Enhancing Knowledge Graph Embedding with Hierarchical Self-Attention and Graph Neural Network Techniques for Drug-Drug Interaction Prediction in Virtual Reality Environments

Abstract

In biomedicine, the critical task is to decode Drug–Drug Interactions (DDIs) from complex biomedical texts. The scientific community employs Knowledge Graph Embedding (KGE) methods, enhanced with advanced neural network technologies, including capsule networks. However, existing methodologies primarily focus on the structural details of individual entities or relations within Biomedical Knowledge Graphs (BioKGs), overlooking the overall structural context of BioKGs, molecular structures, positional features of drug pairs, and their critical Relational Mapping Properties. To tackle the challenges identified, this study presents HSTrHouse an innovative hierarchical self-attention BioKGs embedding framework. This architecture integrates self-attention mechanisms with advanced neural network technologies, including Convolutional Neural Network (CNN) and Graph Neural Network (GNN), for enhanced computational modeling in biomedical contexts.

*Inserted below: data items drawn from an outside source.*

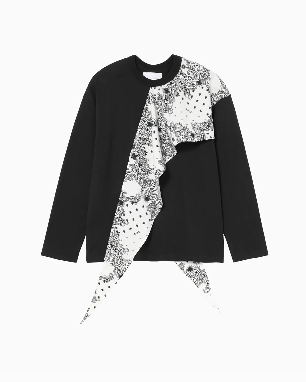 肩部部にペイズリー柄のスカーフを縫い込んロンTは「ヨシオクボ」の定番アイテム。身幅の大きいボックスシルエットかつ、日本人の体型に合うよう丈や身頃の長さが計算されており、ロンTですが綺麗めに着ることができます。スカーフのアレンジ次第で表情が変わるので、その日のスタイリングに合う着こなしを模索していくのも、このアイテムの面白さの1つかも知れません。少し肌寒くなってきたら、薄手のジャケットと組み合わせても良し。スカーフは低い位置で結んで上げると、ジャケットに干渉せずに綺麗なシルエットが保つのでおすすめです!
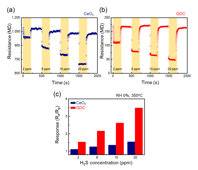 Fig 3(a) and (b) show the real time resistance plots of the pristine CeO2 and GDC gas sensors, respectively, at 2, 6, 10, and 20 ppm H2S at 350 °C. For both gas sensors, the resistances decreased after H2S gas injection, indicating the n-type nature of both gas sensors, arising from the
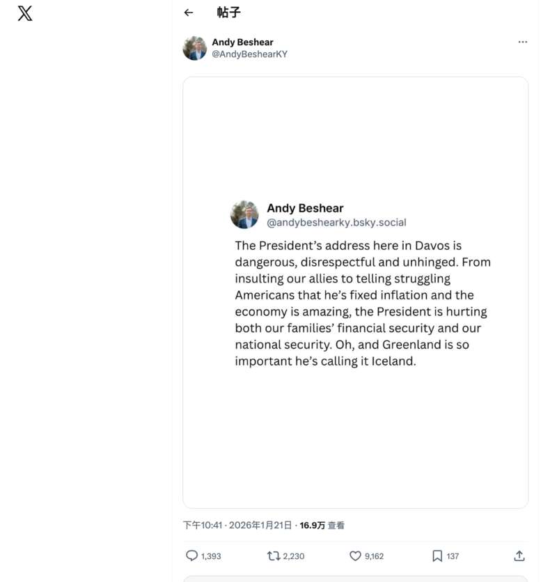 有分析人士告诉美国《华盛顿邮报》,特朗普对格陵兰岛的计划威胁着北约和跨大西洋联盟的根基。美国肯塔基州州长安迪·贝希尔在社交平台“X”上警告称,特朗普21日的演讲“危险、不尊重且失控”,“总统的言行正持续损害美国民众的家庭财务安全与国家整体安全。”
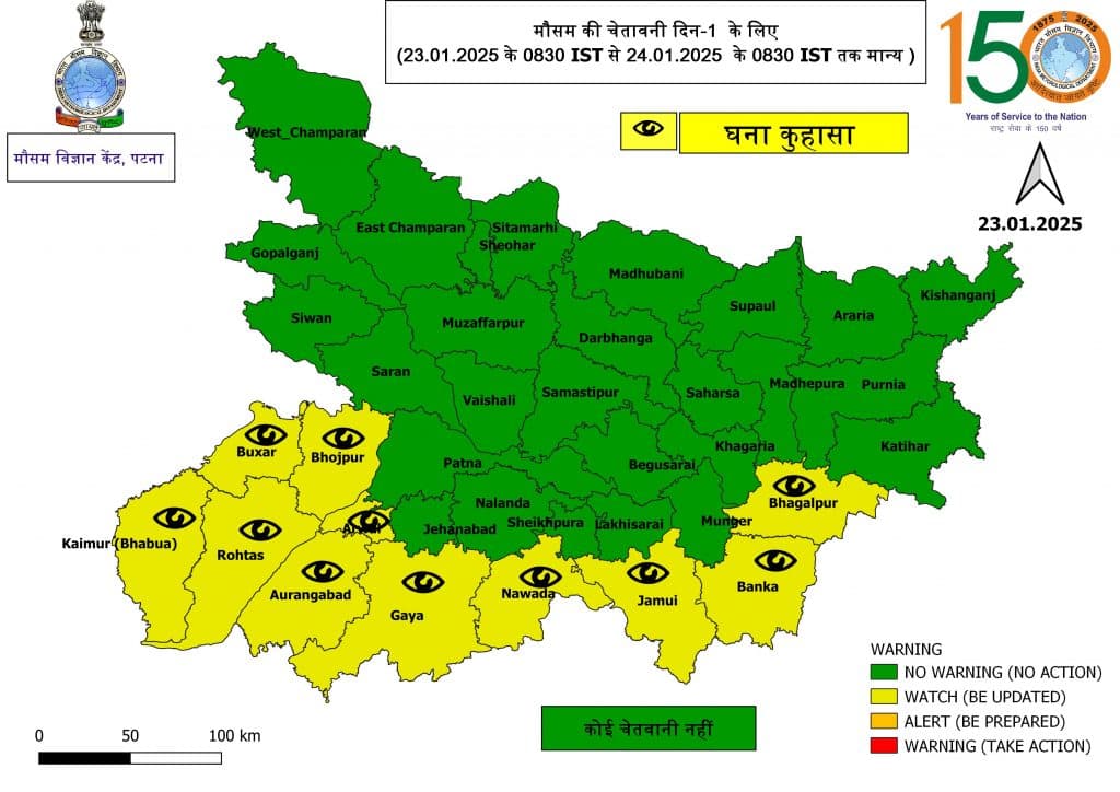 बिहार के वातावरण में वेस्टर्न डिस्टर्बेंस से उत्पन्न हुई नमी की मात्रा अचानक बढ़ गयी है. इससे बने कोहरे राज्य के अधिकतर हिस्से को अपने दायरे ले सकता है. इससे 11 जगहों पर कोल्ड-डे की स्थिति बनी रहेगी. अगले 24 घंटों तक राज्य के अधिकतर हिस्से विशेषकर हिमालय की तराई से सटे क्षेत्र में अति घने और शेष हिस्से में घना कोहरा छा जाने का पूर्वानुमान है. आइएमडी ने कोहरे के मद्देनजर 24 जनवरी के लिए येलो अलर्ट जारी किया है.
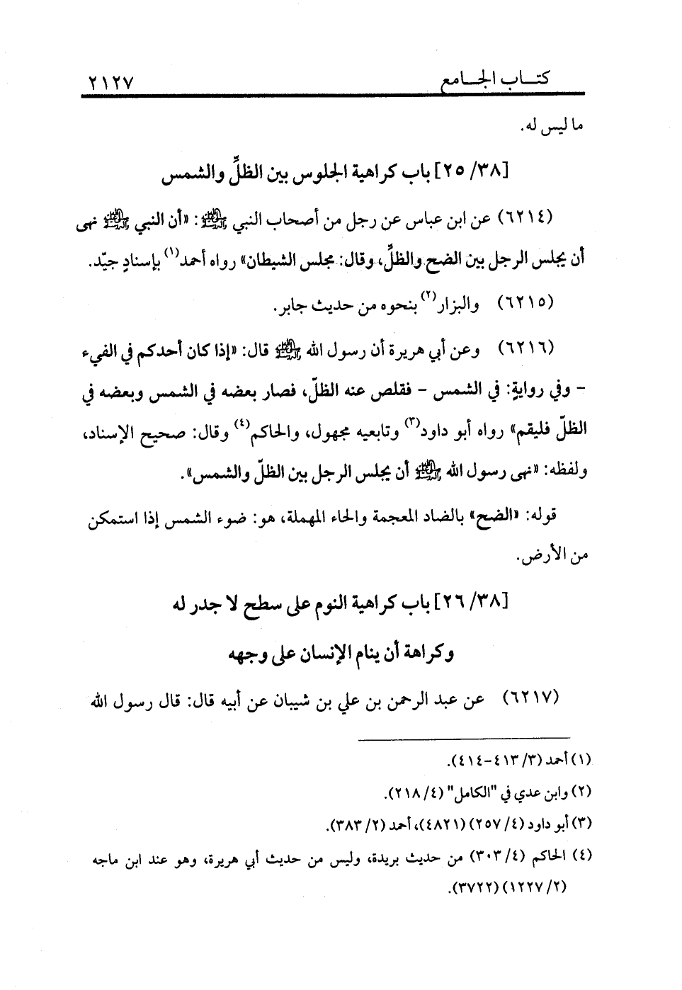[38/25] باب كراهية الجلوس بين الظل والشمس

The model bifurcates the BioKGs into entity and relation layers for structural analysis. It employs self-attention across these layers, utilizing PubMedBERT and CNN for position feature extraction, and a GNN for drug pair molecular structure analysis. Then, we connect the position and molecular structure features to integrate them into the self-attention calculation of entity and relation. After that, the output of the self-attention layer is combined with the connected vectors of the position feature and molecular structure feature to obtain the final representation vector, and finally, to model the Relational Mapping Properties (RMPs), the representation vector is embedded into the complex vector space using Householder projections to obtain the BioKGs model. The paper validates HSTrHouse’s efficacy by comparing it with advanced models on three standard BioKGs for DDIs research.